▸ Given entries:
-*-

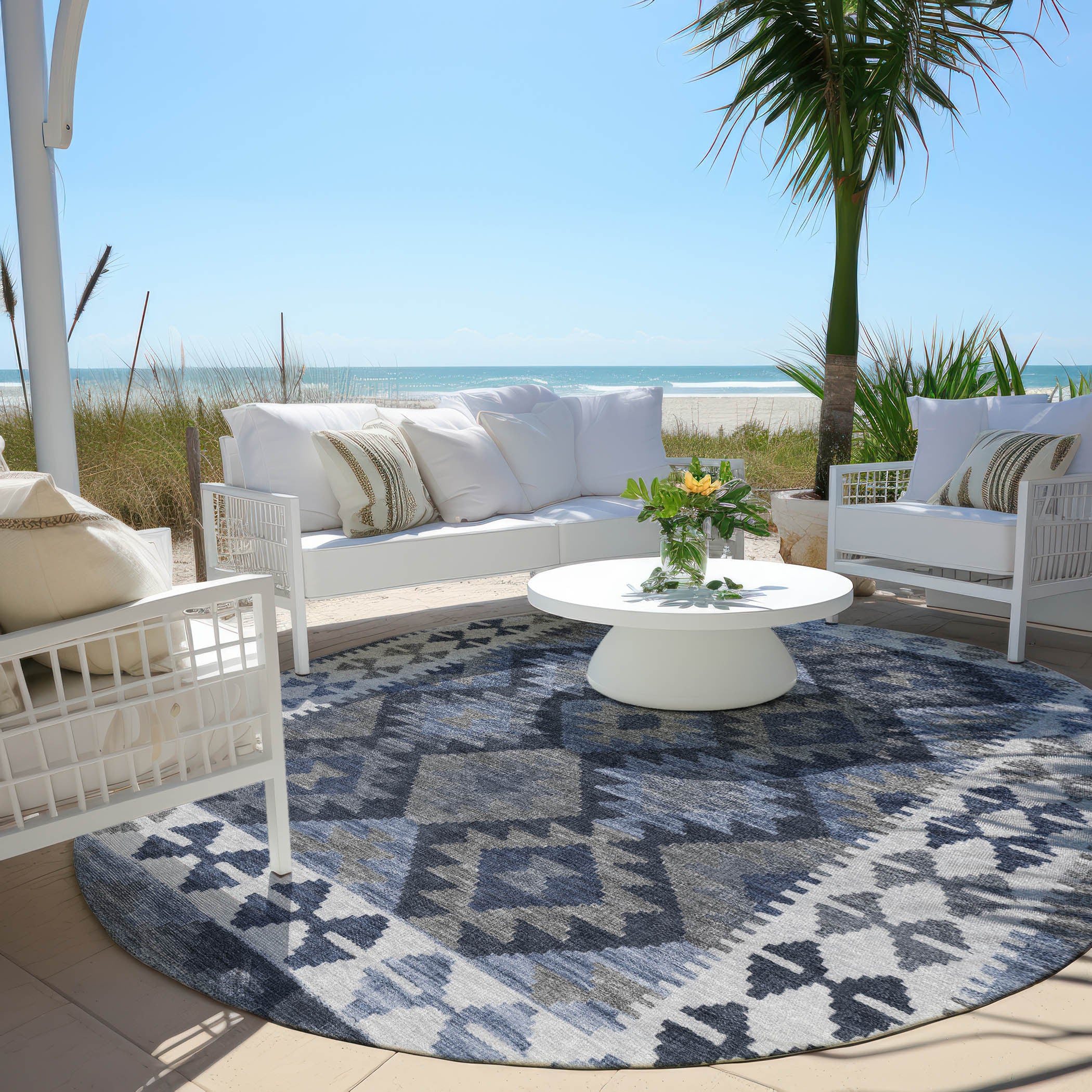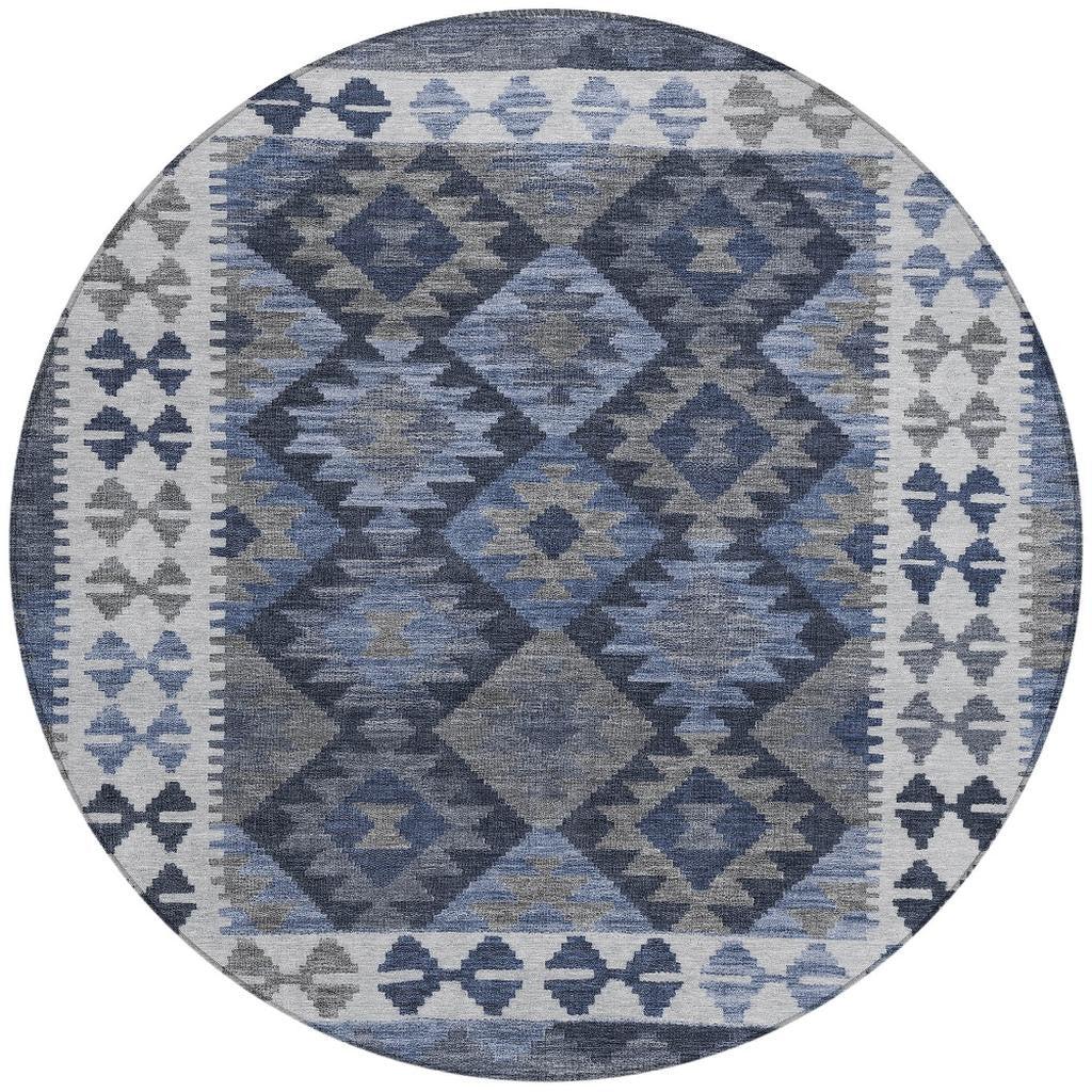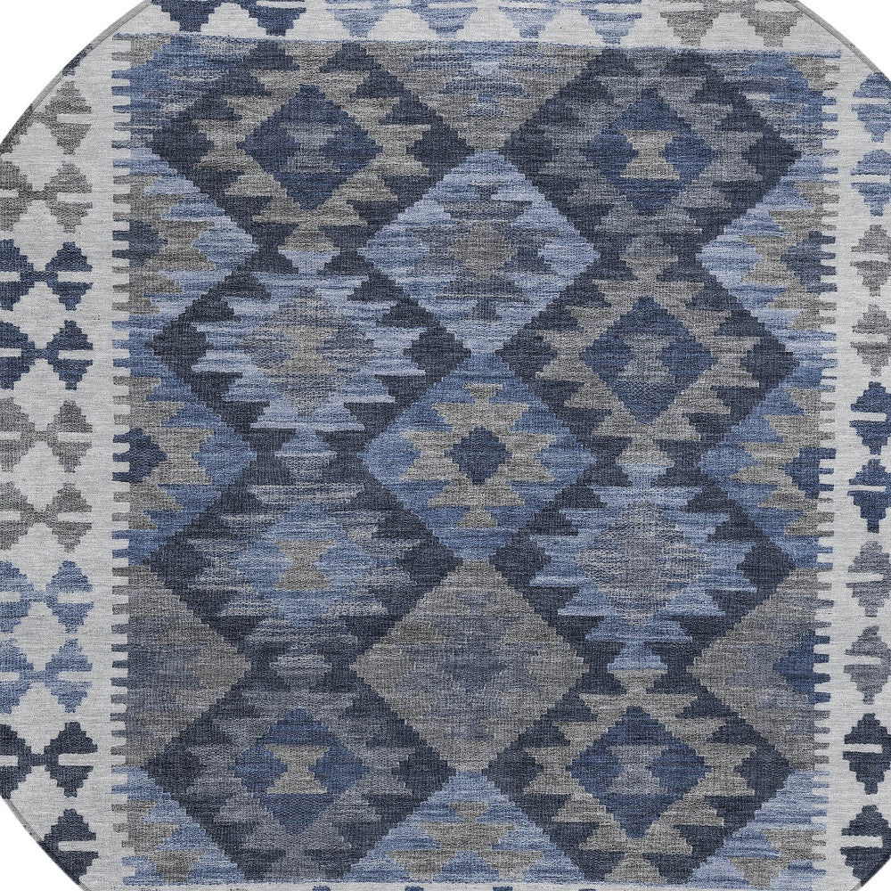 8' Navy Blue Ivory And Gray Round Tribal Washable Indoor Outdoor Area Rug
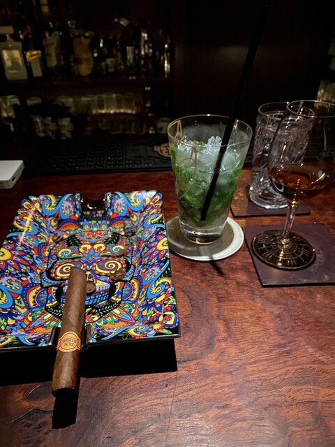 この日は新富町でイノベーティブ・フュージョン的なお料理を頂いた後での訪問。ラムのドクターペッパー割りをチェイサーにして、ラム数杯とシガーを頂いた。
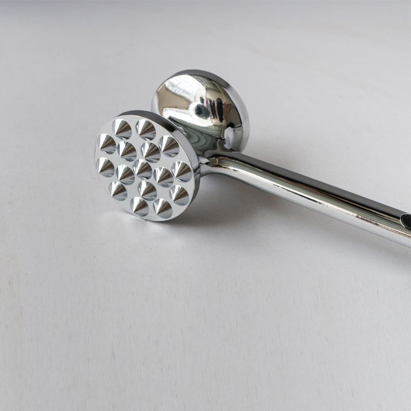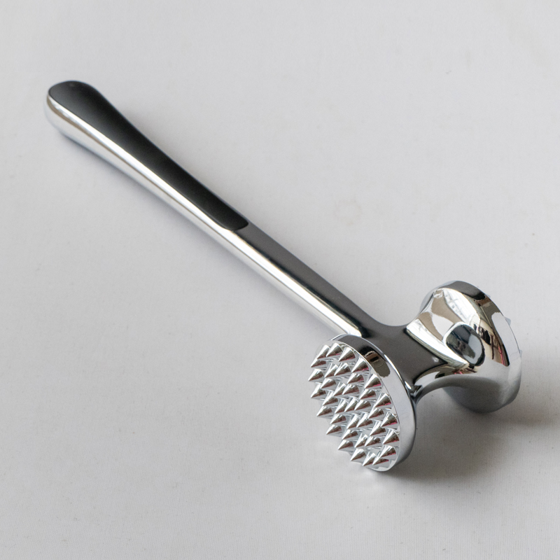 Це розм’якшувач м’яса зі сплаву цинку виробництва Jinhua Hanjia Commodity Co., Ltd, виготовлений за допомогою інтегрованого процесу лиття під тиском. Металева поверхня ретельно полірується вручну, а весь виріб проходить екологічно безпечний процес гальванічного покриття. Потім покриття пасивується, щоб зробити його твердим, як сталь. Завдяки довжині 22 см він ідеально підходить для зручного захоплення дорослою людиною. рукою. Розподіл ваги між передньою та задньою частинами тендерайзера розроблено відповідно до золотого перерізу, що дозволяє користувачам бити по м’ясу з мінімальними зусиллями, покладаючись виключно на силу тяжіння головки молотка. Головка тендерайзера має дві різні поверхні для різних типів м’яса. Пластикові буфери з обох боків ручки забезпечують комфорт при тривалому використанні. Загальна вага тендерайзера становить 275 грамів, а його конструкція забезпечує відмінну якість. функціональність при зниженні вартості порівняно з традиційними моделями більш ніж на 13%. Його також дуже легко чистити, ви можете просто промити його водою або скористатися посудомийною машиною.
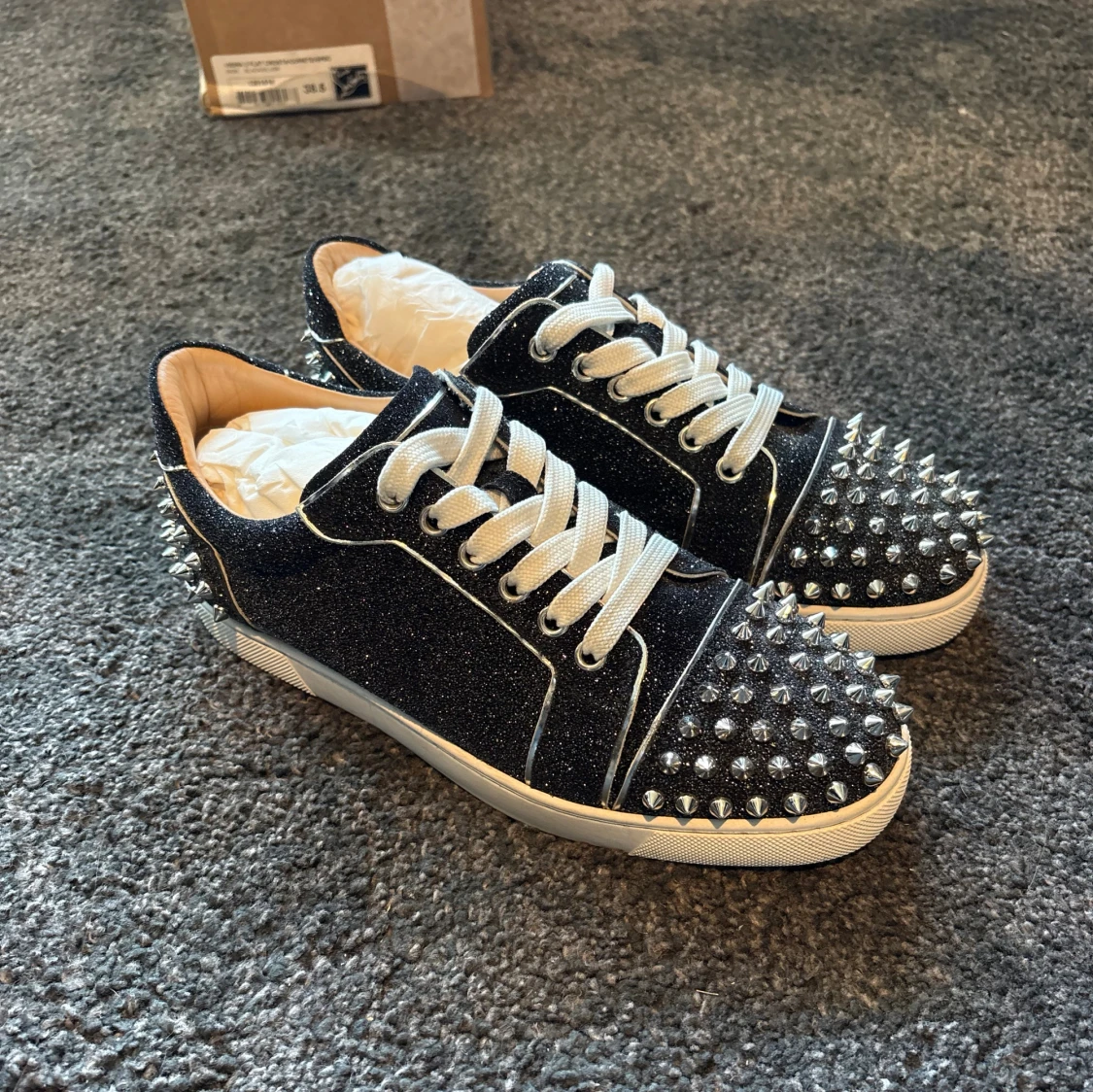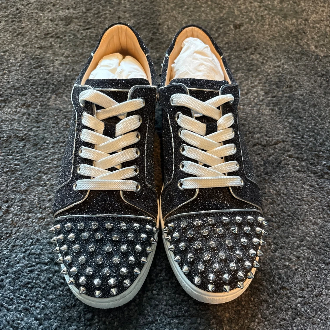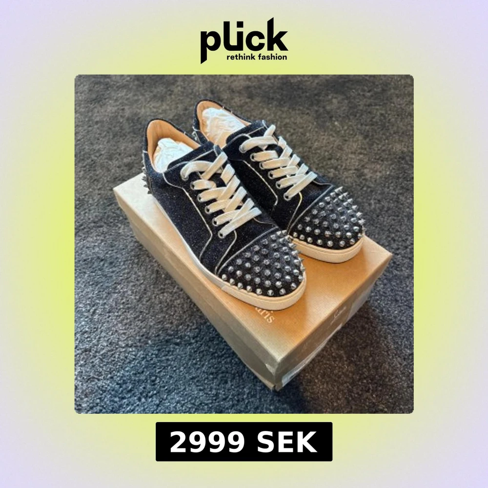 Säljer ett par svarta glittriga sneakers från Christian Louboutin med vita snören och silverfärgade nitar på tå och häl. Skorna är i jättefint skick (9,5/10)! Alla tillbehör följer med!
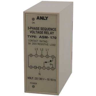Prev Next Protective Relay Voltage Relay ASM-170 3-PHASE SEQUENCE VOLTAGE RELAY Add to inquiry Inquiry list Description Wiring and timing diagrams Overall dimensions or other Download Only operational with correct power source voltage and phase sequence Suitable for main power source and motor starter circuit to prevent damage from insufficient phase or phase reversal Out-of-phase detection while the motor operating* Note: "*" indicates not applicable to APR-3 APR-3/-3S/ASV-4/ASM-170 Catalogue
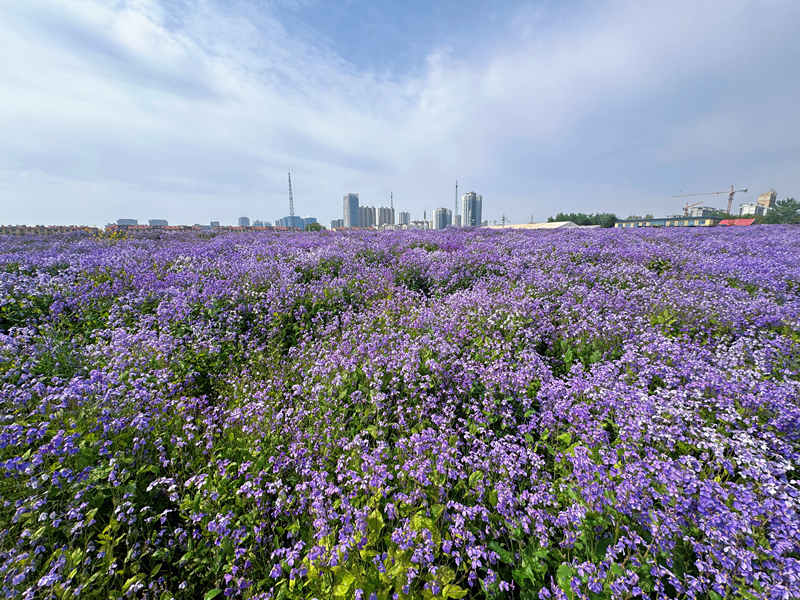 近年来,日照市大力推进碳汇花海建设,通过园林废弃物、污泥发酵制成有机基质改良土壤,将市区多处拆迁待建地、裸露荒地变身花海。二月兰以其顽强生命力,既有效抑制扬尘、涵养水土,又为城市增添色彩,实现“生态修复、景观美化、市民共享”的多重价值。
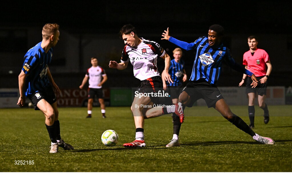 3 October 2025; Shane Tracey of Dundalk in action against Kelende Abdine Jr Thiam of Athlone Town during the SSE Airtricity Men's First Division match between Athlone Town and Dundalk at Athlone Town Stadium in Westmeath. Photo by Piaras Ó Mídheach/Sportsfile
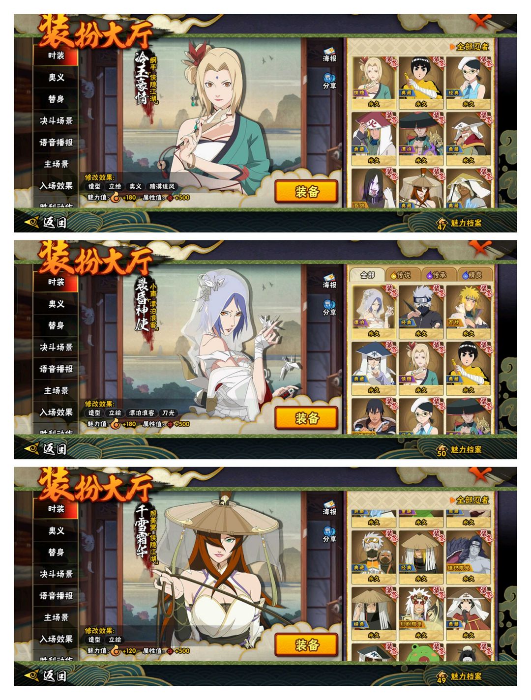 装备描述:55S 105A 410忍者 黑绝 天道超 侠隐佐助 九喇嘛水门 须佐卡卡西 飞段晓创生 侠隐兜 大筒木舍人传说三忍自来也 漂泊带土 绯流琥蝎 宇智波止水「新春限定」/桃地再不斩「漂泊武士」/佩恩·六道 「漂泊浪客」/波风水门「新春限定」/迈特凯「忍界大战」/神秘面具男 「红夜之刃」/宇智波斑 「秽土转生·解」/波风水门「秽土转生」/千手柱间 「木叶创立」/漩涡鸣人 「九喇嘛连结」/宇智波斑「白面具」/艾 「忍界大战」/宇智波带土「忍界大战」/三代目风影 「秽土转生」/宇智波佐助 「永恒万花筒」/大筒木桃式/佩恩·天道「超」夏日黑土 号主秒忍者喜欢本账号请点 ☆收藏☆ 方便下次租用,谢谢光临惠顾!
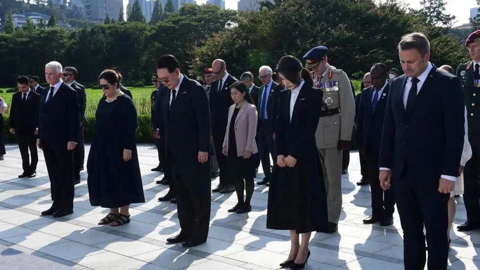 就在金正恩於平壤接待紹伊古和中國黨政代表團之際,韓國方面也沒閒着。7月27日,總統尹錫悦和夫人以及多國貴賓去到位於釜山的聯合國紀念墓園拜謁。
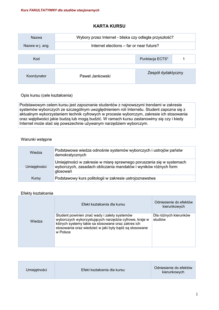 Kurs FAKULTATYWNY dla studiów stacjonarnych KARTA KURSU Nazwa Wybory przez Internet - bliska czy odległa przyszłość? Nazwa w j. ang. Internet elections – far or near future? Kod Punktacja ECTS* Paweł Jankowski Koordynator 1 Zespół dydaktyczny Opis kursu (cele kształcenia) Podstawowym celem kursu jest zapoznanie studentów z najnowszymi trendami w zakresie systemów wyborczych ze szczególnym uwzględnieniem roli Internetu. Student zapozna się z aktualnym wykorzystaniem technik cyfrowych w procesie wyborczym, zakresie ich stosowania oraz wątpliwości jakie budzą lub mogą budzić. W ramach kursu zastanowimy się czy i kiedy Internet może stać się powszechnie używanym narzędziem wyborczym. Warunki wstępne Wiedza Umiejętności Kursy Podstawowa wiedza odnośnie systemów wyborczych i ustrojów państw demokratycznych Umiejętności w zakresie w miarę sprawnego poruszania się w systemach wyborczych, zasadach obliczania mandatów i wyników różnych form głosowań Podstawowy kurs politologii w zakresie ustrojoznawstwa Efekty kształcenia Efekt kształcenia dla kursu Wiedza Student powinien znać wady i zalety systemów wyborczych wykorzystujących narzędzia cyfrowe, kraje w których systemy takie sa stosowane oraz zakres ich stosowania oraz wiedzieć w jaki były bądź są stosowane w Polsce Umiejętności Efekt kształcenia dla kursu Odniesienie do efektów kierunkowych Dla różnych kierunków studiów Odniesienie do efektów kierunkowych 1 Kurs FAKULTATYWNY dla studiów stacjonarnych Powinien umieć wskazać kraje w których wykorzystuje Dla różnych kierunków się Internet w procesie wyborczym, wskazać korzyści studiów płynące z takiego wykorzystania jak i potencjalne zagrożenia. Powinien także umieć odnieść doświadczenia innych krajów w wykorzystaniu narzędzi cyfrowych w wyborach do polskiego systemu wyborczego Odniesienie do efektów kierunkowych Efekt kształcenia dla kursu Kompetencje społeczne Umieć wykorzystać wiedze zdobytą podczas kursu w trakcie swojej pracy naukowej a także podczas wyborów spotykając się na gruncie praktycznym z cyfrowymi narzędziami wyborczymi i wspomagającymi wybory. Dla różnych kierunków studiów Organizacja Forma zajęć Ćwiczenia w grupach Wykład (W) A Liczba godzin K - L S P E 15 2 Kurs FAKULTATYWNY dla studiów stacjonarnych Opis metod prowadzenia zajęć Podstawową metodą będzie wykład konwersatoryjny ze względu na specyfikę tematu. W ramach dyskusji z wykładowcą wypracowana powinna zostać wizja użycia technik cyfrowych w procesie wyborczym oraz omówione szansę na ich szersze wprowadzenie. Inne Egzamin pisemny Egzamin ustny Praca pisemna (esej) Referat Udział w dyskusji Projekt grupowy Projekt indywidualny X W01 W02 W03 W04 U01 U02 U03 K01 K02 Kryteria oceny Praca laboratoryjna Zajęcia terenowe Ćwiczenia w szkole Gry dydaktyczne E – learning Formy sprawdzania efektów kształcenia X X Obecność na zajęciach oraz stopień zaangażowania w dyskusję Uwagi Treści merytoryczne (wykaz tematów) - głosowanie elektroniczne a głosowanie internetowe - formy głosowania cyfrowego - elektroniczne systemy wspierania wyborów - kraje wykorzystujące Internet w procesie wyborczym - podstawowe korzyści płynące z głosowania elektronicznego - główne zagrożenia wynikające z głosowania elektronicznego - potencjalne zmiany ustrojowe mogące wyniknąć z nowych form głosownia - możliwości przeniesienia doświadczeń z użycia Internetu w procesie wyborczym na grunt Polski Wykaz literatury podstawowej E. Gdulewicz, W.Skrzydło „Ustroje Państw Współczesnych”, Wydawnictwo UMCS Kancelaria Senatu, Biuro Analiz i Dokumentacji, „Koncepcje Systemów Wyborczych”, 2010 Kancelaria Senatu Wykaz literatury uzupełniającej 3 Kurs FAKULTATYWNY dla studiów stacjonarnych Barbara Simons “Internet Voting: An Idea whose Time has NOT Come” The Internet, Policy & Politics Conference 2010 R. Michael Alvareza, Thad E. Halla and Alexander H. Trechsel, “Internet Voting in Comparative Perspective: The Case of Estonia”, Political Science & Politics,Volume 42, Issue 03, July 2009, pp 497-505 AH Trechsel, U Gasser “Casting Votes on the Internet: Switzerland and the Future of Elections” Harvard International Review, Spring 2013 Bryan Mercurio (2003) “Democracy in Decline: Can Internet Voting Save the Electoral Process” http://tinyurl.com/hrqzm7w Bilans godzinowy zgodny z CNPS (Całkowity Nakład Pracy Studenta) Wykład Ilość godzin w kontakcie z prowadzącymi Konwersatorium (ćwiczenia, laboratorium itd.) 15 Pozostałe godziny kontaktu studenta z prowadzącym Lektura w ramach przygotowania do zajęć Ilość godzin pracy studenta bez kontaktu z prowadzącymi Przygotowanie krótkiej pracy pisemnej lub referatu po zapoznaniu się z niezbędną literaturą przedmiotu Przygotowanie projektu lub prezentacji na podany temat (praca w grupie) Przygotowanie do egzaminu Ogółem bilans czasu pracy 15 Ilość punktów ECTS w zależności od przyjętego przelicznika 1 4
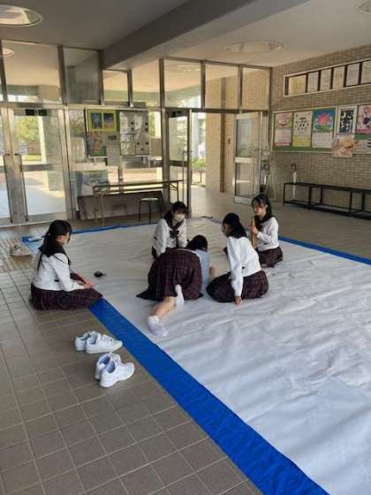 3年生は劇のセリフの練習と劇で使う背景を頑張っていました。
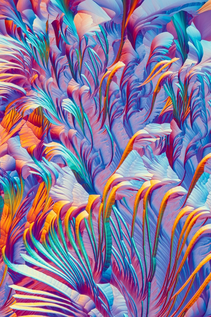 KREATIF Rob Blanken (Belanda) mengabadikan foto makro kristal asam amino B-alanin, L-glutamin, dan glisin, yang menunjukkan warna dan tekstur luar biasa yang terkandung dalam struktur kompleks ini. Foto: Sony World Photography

-*-

▸ Exercise: Take the lines from the start of the entries through the line containing "この日は新富町でイノベーティ" and set them down exactly, leaving out every picture.

▸ Result of this task:
 8' Navy Blue Ivory And Gray Round Tribal Washable Indoor Outdoor Area Rug
 この日は新富町でイノベーティブ・フュージョン的なお料理を頂いた後での訪問。ラムのドクターペッパー割りをチェイサーにして、ラム数杯とシガーを頂いた。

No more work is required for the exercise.